К нам с Ником подошли две сногсшибательные дамы в черных кожаных платьях, зашнурованных ярко красными лентами. Я сразу признала в них тех длинноволосых с ребенком. Их волосы были уложены в высокие, сильно залакированные прически, а накладные ресницы торчали на добрый дюйм. Ник их тоже сразу признал и восхитился от всей души. Но едва они приняли эффектные позы, мой кузен смазал все впечатление, спросив:
– А куда вы дели своего ребенка?
– Ларри с ним сидит. – Сказал тот, что слева.
– Ну, то есть, Лоретта. – добавил тот, что стоял справа. – С тех пор, как она изменила пол, материнские инстинкты у нее очень сильны.
Ник ненадолго онемел. Я воспользовалась этим, чтобы спросить их – впрочем, без особой надежды на успех, – не видели ли они Руперта.
– Руперт волшебник? – спросили они хором, своими интригующе-хриплыми голосами.
Один из них добавил:
– О, я в него практически влюблена – он такой прямой и честный !
Второй подумал и сказал, что видел, как Ванаблес входил в комнату, где исполняли филк.
И оба продефилировали прочь на своих шестидюймовых каблуках. Я даже позавидовала – вот так вилять бедрами на таких ходулях, да еще и в узкой кожаной юбке! – как им удается сохранять равновесие?
Ник сказал:
– Кажется, я знаю, кто из них мужчина, а кто женщина. Ты можешь различить?
– Чтоб мне пером порасти , если я в этом разбираюсь! – ответила я.

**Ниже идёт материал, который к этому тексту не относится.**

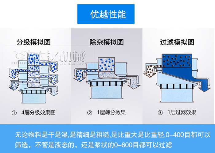我們的不銹鋼旋振篩采用"強(qiáng)力"新型動力激振器,三維動力更加突出,無論物料是干是濕,是精細(xì)是粗糙,是比重大是比重輕,0-400目都可以篩選,不管是液態(tài)的,還是漿狀的0-600目都可以過濾,旋振篩系列產(chǎn)品同時配備專門的篩網(wǎng)清理裝置,把堵網(wǎng)率降到低,我們還可根據(jù)客戶需求設(shè)計特殊型號,讓用戶有更多的選擇。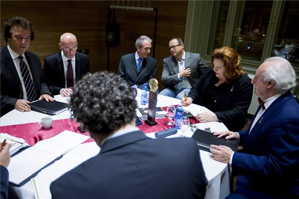 Marton Éva Kossuth-díjas operaénekes és a zsűri tagjai: Peter Mario Katona, Pål C. Moe, Miguel Lerín és Vittorio Terranova, valamint Szabó Stein Imre, a Zeneakadémia kommunikációs igazgatója (MTI Fotó: Zeneakadémia / Tuba Zoltán)

– Они оба такие красивые… Но у их ребенка будет ооочень странное воспитание.
– Да, на самом деле любое воспитание очень странное, так что не волнуйся, выживет как-нибудь.
У Ника был свой способ искать комнату филка.
– Где-то это тут должно быть. В конце коридора.
Там оказалась почти пустая комната с хорошим музыкальным оборудованием, беспорядочно расставленным по углам. Руперт и Мервин Турлесс сидели напротив друг друга на стульях и о чем-то разговаривали в полголоса. Заметив в дверях наши с Ником физиономии, Турлесс возмущенно завопил:
– Вы что, хотите меня отовсюду выжить что ли? Убирайтесь. Идите танцевать свой танец с саблями куда-нибудь еще .
Мы с виноватым видом захлопнули дверь и сели сторожить снаружи.
– Да все в порядке, – утешил меня Ник. – Мы поймаем этого Руперта-волшебника как только он выйдет оттуда.
Меня вдруг осенило:
– Боже мой! Так это комнату Турлесса отдал мне Рик Корри!
– Ну, ты не виновата, – попытался утешить меня Ник.
Мы подождали еще. Ник был почти что счастлив. Он открыл свой лэп-топ и принялся совершенствовать игру в Вантчестер, доводя ее до сложности Бристолии. Мне все меньше и меньше нравились наши посиделки. Официанты сновали мимо нас через дверь, замаскированную зеркалом, таскали туда-сюда коробки и стаканы для вечеринки с издателями. И все как один говорили только о музыке. Официантка, которой Ник заказал кукурузные хлопья, заявила:
– Нет, не то, чтобы я была против музыки. Но мне ужасно интересно, кому это нравится?
Потом мы заказали кофе и официант, который принес его, добавил свои три гроша:
– Жуть какая-то, а не музыка.
Через несколько минут я услышала эту самую музыку. Прямо из-за закрытой двери комнаты филка. Мне она не показалась особенно жуткой. Разве что я как-то не могла себе представить, чтобы Руперт Ванаблес и Марвин Турлесс вдруг уселись и начали играть на гитарах.
– Ник… – нерешительно сказала я.
Ник тоже прислушался и сказал:
– О, нет …
К гитарам присоединилось очевидно женское сопрано. Мы с Ником ринулись туда. В комнате были три женщины, и они уставились на нас во все глаза.